Below is a listing with pictures in it. Copy it exactly without them.

(GIVEN DATA)

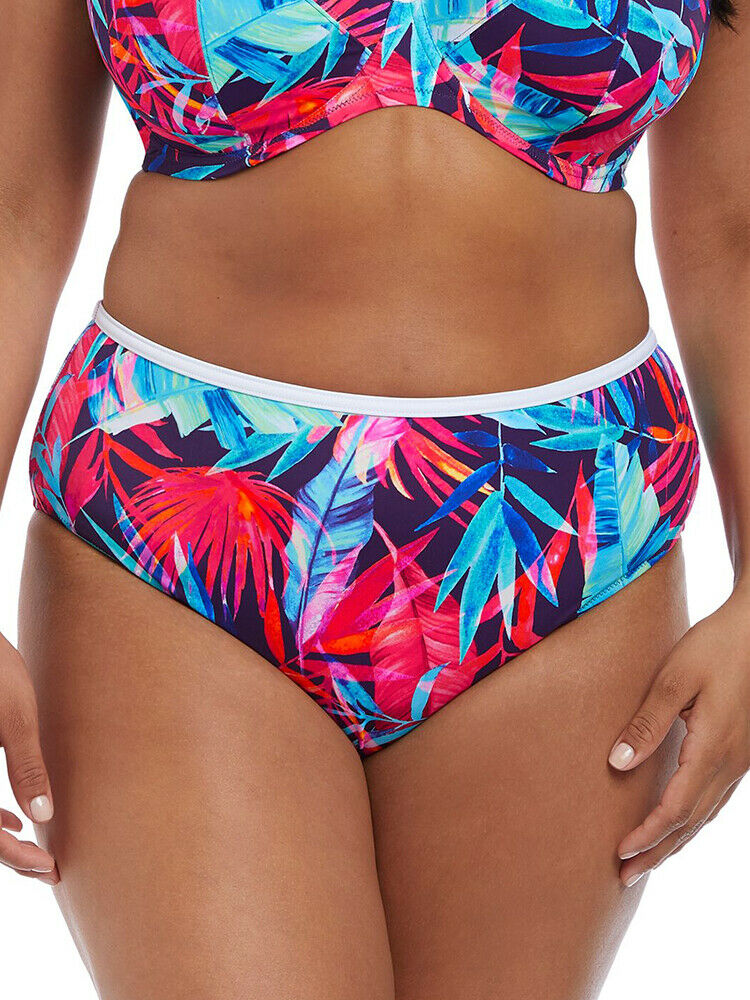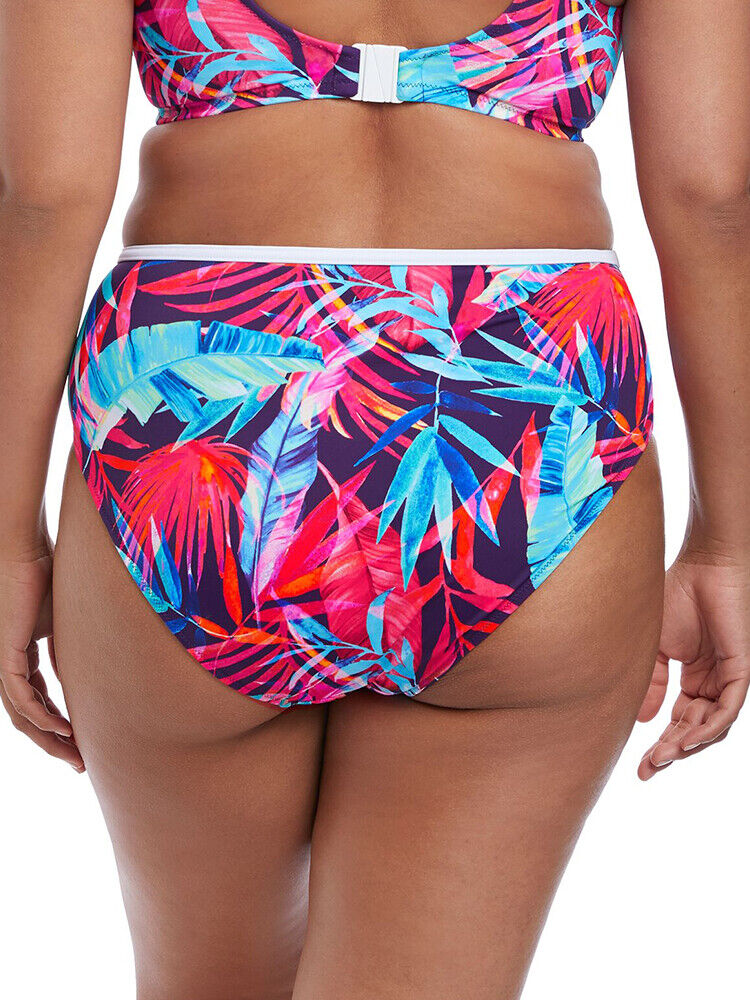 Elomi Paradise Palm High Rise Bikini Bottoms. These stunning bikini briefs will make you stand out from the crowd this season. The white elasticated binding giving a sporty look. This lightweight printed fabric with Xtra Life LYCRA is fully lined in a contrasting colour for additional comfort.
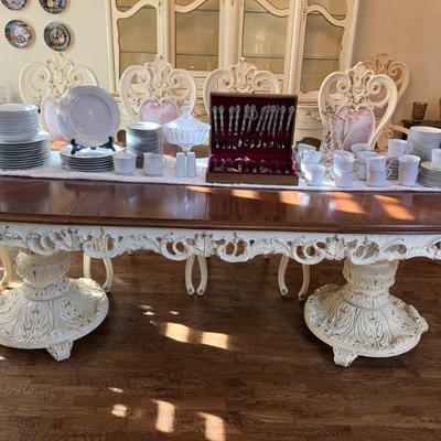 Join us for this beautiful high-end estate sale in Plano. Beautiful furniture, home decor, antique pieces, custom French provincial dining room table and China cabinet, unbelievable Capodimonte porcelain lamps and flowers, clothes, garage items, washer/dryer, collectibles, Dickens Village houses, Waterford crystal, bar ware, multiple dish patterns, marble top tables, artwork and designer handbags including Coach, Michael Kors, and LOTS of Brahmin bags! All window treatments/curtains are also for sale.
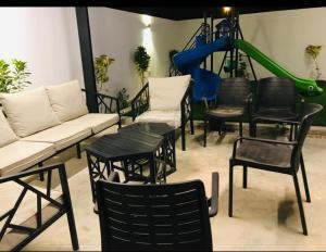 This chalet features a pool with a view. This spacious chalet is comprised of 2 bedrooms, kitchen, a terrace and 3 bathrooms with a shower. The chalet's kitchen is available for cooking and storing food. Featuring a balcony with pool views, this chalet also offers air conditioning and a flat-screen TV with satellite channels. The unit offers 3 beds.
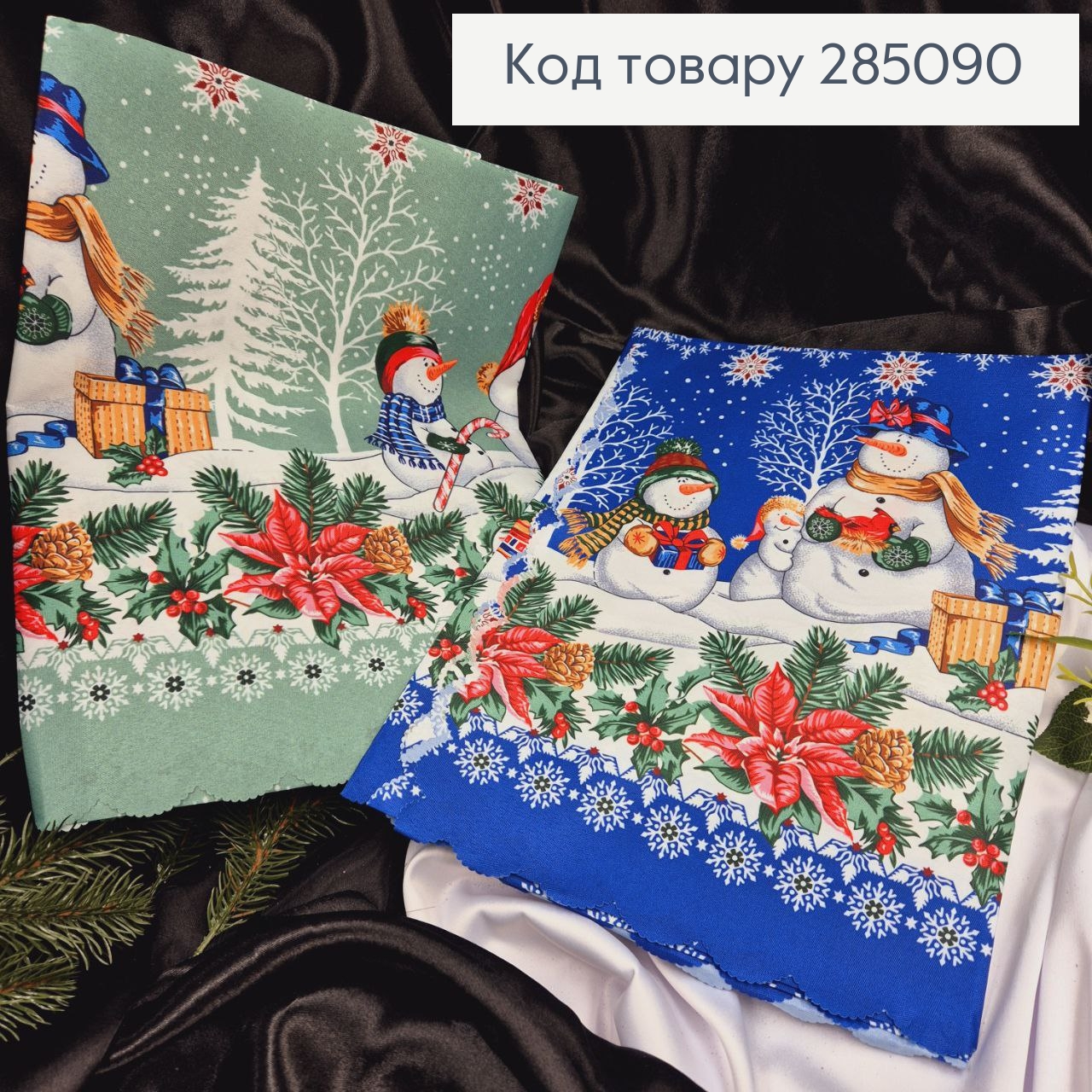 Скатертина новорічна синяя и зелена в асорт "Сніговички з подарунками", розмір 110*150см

(End GIVEN DATA)

[YOUR SOLUTION]:
 Elomi Paradise Palm High Rise Bikini Bottoms. These stunning bikini briefs will make you stand out from the crowd this season. The white elasticated binding giving a sporty look. This lightweight printed fabric with Xtra Life LYCRA is fully lined in a contrasting colour for additional comfort.
 Join us for this beautiful high-end estate sale in Plano. Beautiful furniture, home decor, antique pieces, custom French provincial dining room table and China cabinet, unbelievable Capodimonte porcelain lamps and flowers, clothes, garage items, washer/dryer, collectibles, Dickens Village houses, Waterford crystal, bar ware, multiple dish patterns, marble top tables, artwork and designer handbags including Coach, Michael Kors, and LOTS of Brahmin bags! All window treatments/curtains are also for sale.
 This chalet features a pool with a view. This spacious chalet is comprised of 2 bedrooms, kitchen, a terrace and 3 bathrooms with a shower. The chalet's kitchen is available for cooking and storing food. Featuring a balcony with pool views, this chalet also offers air conditioning and a flat-screen TV with satellite channels. The unit offers 3 beds.
 Скатертина новорічна синяя и зелена в асорт "Сніговички з подарунками", розмір 110*150см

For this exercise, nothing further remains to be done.